Building a greener tour bus

Photos courtesy STAMP STAMP is renovating this biodiesel-compatible bus into the nation's most sustainable band tour bus.

Biodiesel group crowd-funding a sustainable alternative for traveling bands

By Steve Graham

Eric Skjerseth and Jennifer Zidon are building what they call the nation’s most sustainable tour bus to help get touring bands off of fossil fuels.

And they could use your help.

They are crowd-funding a project to upgrade and remodel a former city bus into a cushy traveling home for touring bands, and the bus will run on solar power and biodiesel. It also will serve as a model for other bands and, Skjerseth hopes, a catalyst for broad changes in the touring music model.

Meanwhile, the couple also is sending northern Colorado bands around the Front Range to promote the Fort Collins music scene and publicize their biodiesel projects.
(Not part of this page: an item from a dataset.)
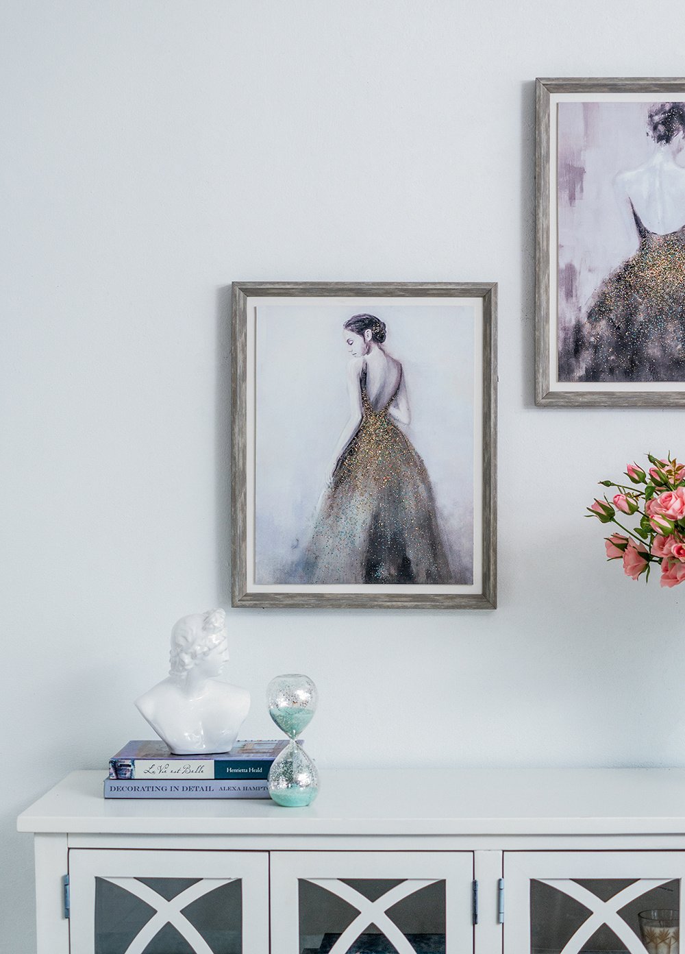 Features a sketch of a woman figure wearing dressGold accents to further enhance the artworkWith a soft wood color frame.

Skjerseth is the co-founder of Biodiesel for Bands (BFB), and his wife Zidon runs the company’s nonprofit educational arm, Sustainable Touring for Artists, Musicians and Performers (STAMP).

Eric Skjerseth first imagined a biodiesel operation while on tour with his band about 10 years ago. They were stopped at a Pennsylvania gas station adjacent to a strip of fast-food joints.

“I was filling up and I had just learned about biodiesel and I thought, ‘Man, I’m spending all this money and it’s going to support the Iraq War and all this other crap that was happening,’” he said. “I was looking at the Dunkin’ Donuts and McDonald’s and I was like, if we had biodiesel, I could just fill up there.”

When he returned to Fort Collins, he started working with John Long, a local activist who launched Blue Sun Biodiesel, alongside the Sustainable Living Association and many other groups. Skjerseth and Long co-founded BFB, with the goal of running music festivals and tour buses on sustainable biodiesel.

“Bands need to have an option so they are not supporting the oil industry,” Skjerseth said. “For the most past, musicians are more environmentally minded than your average consumer.”

Eateries also are looking for sustainable ways to dispose of large volumes of used vegetable oil.

“The restaurant industry could support the entire music industry three times over with how much grease comes out of restaurants,” he said.

BFB’s projects were delayed by Long’s illness and death in 2017, but Skjerseth got the company back on track with biodiesel-powered shuttle buses to Red Rocks and Mishawaka shows.

“There have been a lot of wrenches thrown in our way, but we’re finally getting to where the party bus is sustaining itself,” he said.

The party bus is warming up for the summer concert season with the FOCO Road Show tour through Colorado Springs, Denver and Pueblo on the last weekend in March. Tyler T and the Common Clay, Lois and the Lantern and at least one other local band will be on the tour.

While showing off BFB’s biodiesel capacity and recruiting local restaurants in those cities, they also will publicize Fort Collins as a music tourism destination, especially for next month’s FoCoMX festival.

Zidon hopes to send out the next FOCO Road Show on a fancier tour bus that is currently being rehabbed at Weld County Garage in Greeley.

Kurt Lange donated the bus to STAMP. Lange owns Clear Ecos, which partners with BFB to collect used cooking oil from restaurants and turn it into biodiesel. Lange had planned to turn the bus into his solar home on wheels, and an educational tool about vehicles run on solar and biodiesel power, but ended up focusing on other projects.

He modified the engine to run on biodiesel, and he wired the heating and air conditioning systems to run on solar power. However, it needs new tires, a more fuel-efficient transmission, interior upgrades and new solar panels.

“It will be the mostly environmentally friendly bus in America by the time we are done with it,” Skjerseth said.

Local companies are helping provide some of the upgrades, and Fort Collins-based Community Funded has donated their crowd-funding platform to cover the rest of the budget.

“We’re looking for community members to step up,” he said.

Bands also are pitching in by joining BFB. If they pay the equivalent of 15 tickets at their average ticket price or host a BFB fundraising concert, they earn discounts on renting out the STAMP bus when it’s finished.